[Task instructions]
Give the listing below again in full, exactly as written.

[Data provided]
--------------------

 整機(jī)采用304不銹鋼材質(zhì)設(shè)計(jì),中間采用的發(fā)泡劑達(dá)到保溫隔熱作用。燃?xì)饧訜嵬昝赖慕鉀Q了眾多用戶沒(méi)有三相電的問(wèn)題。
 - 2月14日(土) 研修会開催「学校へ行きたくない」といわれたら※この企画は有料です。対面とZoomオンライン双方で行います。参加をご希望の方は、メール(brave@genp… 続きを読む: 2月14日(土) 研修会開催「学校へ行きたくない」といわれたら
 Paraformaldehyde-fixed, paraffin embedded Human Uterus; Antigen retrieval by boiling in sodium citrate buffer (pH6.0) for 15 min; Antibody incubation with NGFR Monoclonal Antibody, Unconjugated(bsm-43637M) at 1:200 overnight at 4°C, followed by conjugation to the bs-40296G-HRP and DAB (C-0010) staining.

--------------------

[Result of the task]
 整機(jī)采用304不銹鋼材質(zhì)設(shè)計(jì),中間采用的發(fā)泡劑達(dá)到保溫隔熱作用。燃?xì)饧訜嵬昝赖慕鉀Q了眾多用戶沒(méi)有三相電的問(wèn)題。
 - 2月14日(土) 研修会開催「学校へ行きたくない」といわれたら※この企画は有料です。対面とZoomオンライン双方で行います。参加をご希望の方は、メール(brave@genp… 続きを読む: 2月14日(土) 研修会開催「学校へ行きたくない」といわれたら
 Paraformaldehyde-fixed, paraffin embedded Human Uterus; Antigen retrieval by boiling in sodium citrate buffer (pH6.0) for 15 min; Antibody incubation with NGFR Monoclonal Antibody, Unconjugated(bsm-43637M) at 1:200 overnight at 4°C, followed by conjugation to the bs-40296G-HRP and DAB (C-0010) staining.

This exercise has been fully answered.